The undersigned determined that the claimant's testimony was generally credible; however, the claimant demonstrated non-compliance in the record with dressing his wounds and with his diabetes mellitus. If the claimant's symptoms would have worsened, it would have been because of his non-compliance and not a progression of the disease. The claimant admitted to his treating physician and at the hearing that he had not been keeping track of his glucose levels and he did not eat after he took insulin shots before the hearing. The claimant also admitted that he was not compliant with dressing his wounds, but he testified at the hearing that the medical office did not give him proper equipment and he could not afford to buy the proper wrappings for the gauze.
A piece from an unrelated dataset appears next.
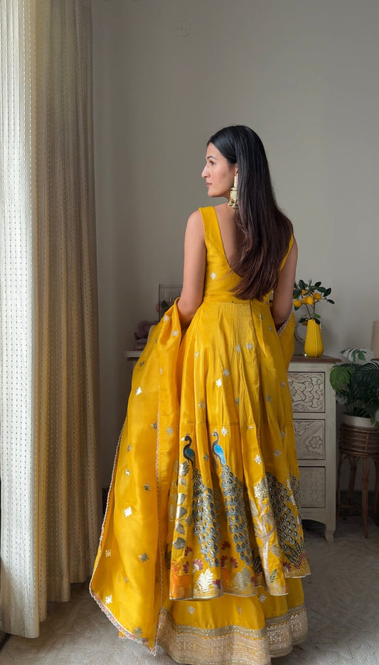 Sunshine Yellow Kurta with Traditional Deer and Peacock Print Kurta

R. 23 (emphasis added). Plaintiff argues that the ALJ should not have drawn what is essentially a medical conclusion that Plaintiff's alleged non-compliance caused a worsening in his symptoms because that is a medical determination, and since glucose monitoring is intended to measure the status of the Plaintiff's diabetes rather than to treat it, it is not clear without a medical opinion whether the Plaintiff's failure to monitor his glucose levels would actually result in a worsening of his condition. Doc. 21 at 19. Plaintiff's most recent records clearly showed that he had been monitoring his glucose levels. See R. 417. Plaintiff's hearing testimony and the medical records repeatedly referred to Plaintiff's inability to afford medications/dressings for his wounds (R. 66-69) and, as the ALJ noted, Brevard Health Alliance would not provide them for free. While a controllable medical condition is generally not disabling, if the claimant cannot afford the treatment and can find no way to obtain it, poverty may excuse the non-compliance. Dawkins v. Bowen, 848 F.2d 1211, 1213 (11th Cir. 1988). On remand, the ALJ will consider Plaintiff's ability to afford the treatment for his impairments.
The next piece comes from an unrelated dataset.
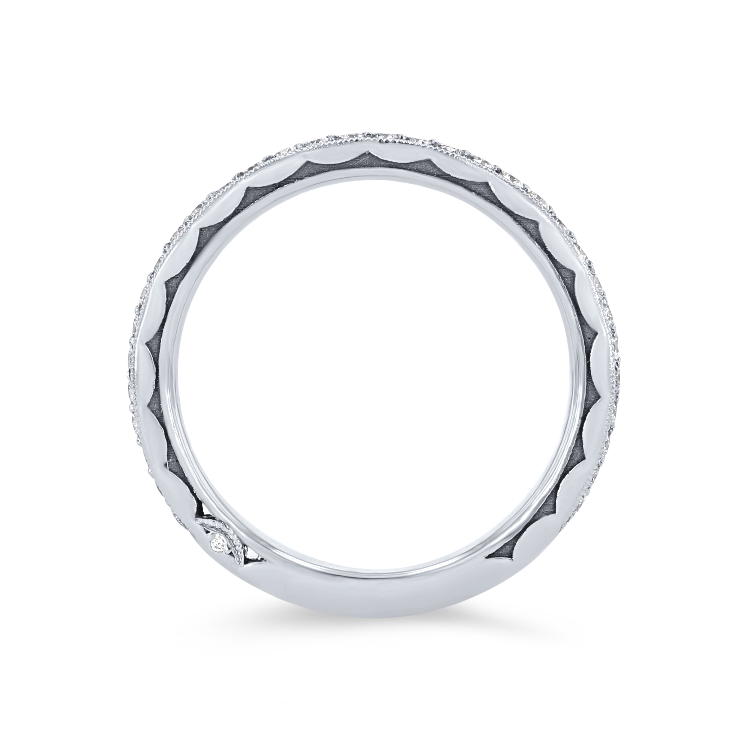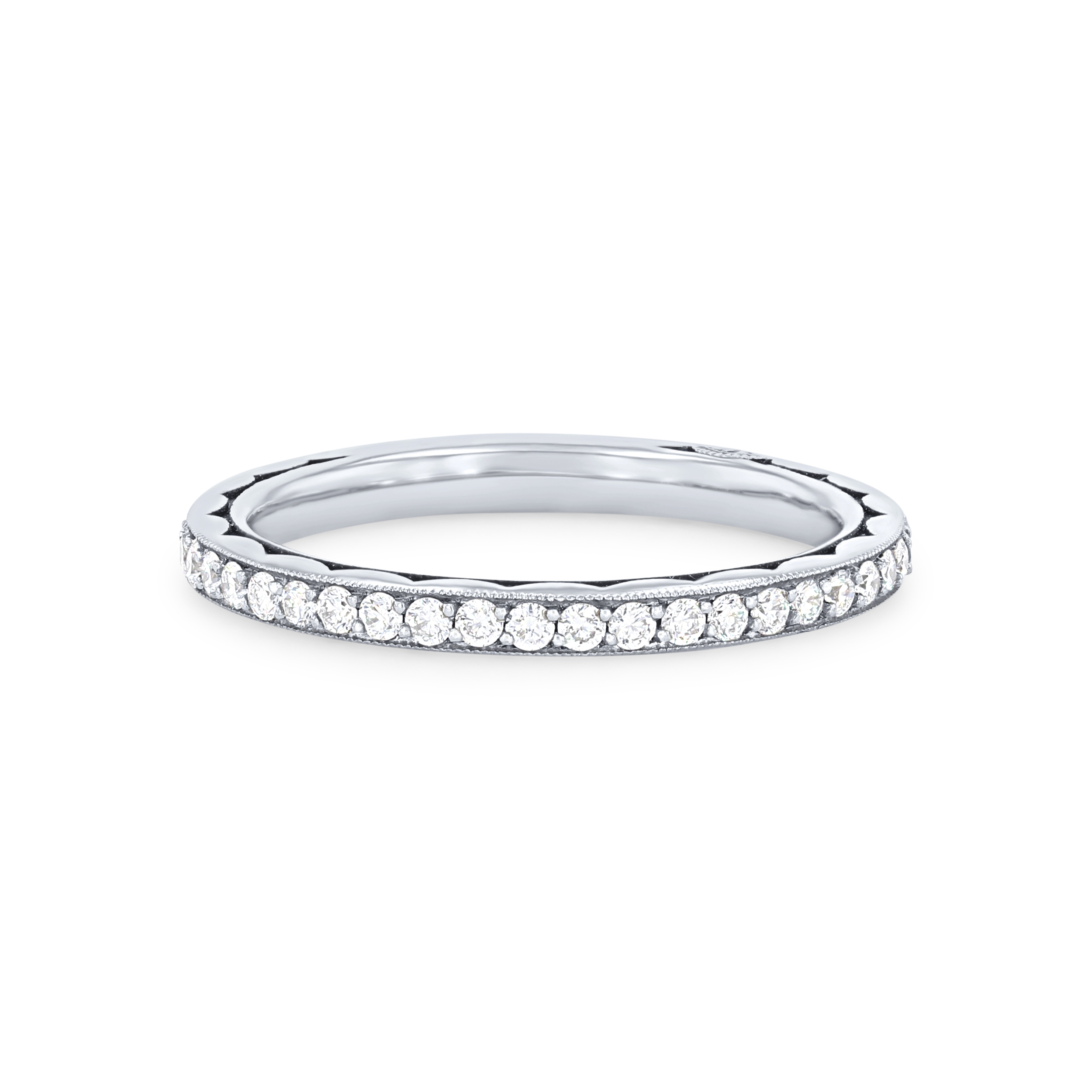 Product Description The intricate milgrain detailing in this Tacori RoyalT wedding band accentuates the 0.34 carats of round brilliant cut diamonds extending three-quarters of the way around. Other Details Gemstone Type: Diamond Metal Color: Yellow Gold Type: Ladies Wedding Band Disable Reason: None Total Setting Diamond Carat Weight: 0.34TW Metal Color: Rose Gold Wedding Band Type: Vintage Metal Color: Platinum

Plaintiff testified that he had not been to a neurologist or endocrinologist (despite severe diabetes and symptoms of peripheral neuropathy) due to a lack of finances. R. 69. Plaintiff argues that the ALJ erred in failing to order a consultative examination for Plaintiff's impairments or re-contacting his treating physicians at Brevard Health Alliance. The ALJ has a duty to fully and fairly develop the record. Welch v. Bowen, 854 F.2d 436, 438 (11th Cir. 1988). Plaintiff has a number of serious conditions that have not ever been addressed by a specialist since they developed, or were exacerbated, during his prison stay. On remand, the ALJ will order a consultative examination by a physician, such as an endocrinologist or neurologist, who specializes in treating individuals with diabetes and related neuropathies to determine the extent of Plaintiff's limitations and obtain the consulting physician's opinion of Plaintiff's residual functional capacity with the documented impairments. The ALJ will hold a new hearing if necessary to include such limitations in the appropriate hypothetical to the VE.

IV. CONCLUSION

For the reasons set forth above, the ALJ's decision is not supported by substantial evidence. Accordingly, the Court REVERSES and REMANDS the Commissioner's decision pursuant to sentence four of 42 U.S.C. § 405(g). The Clerk of the Court is directed to enter judgment consistent with this opinion and, thereafter, to close the file.

DONE and ORDERED.

FootNotes


1. Such ulcers are common in patients who have a history of leg swelling or a history of blood clots in either the superficial or the deep veins of the legs. See http://my.clevelandclinic.org (last visited on July 5, 2012).
2. The ALJ's statement is internally inconsistent because he goes on to cite other records of abscesses, but noting only that they were "completely healed," or there was no new pain R. 22. The ALJ also based his determination that Plaintiff was non-compliant on his failure to monitor blood sugar in prior years' treatment notes. R. 410 (June 2008). However, notes from earlier periods as well as January 2009 indicate that Plaintiff was tracking his glucose levels daily as directed. R. 417, 441.
3. Dr. Stone also erroneously noted, "There is no history of other complications from his diabetes and obesity." R. 395.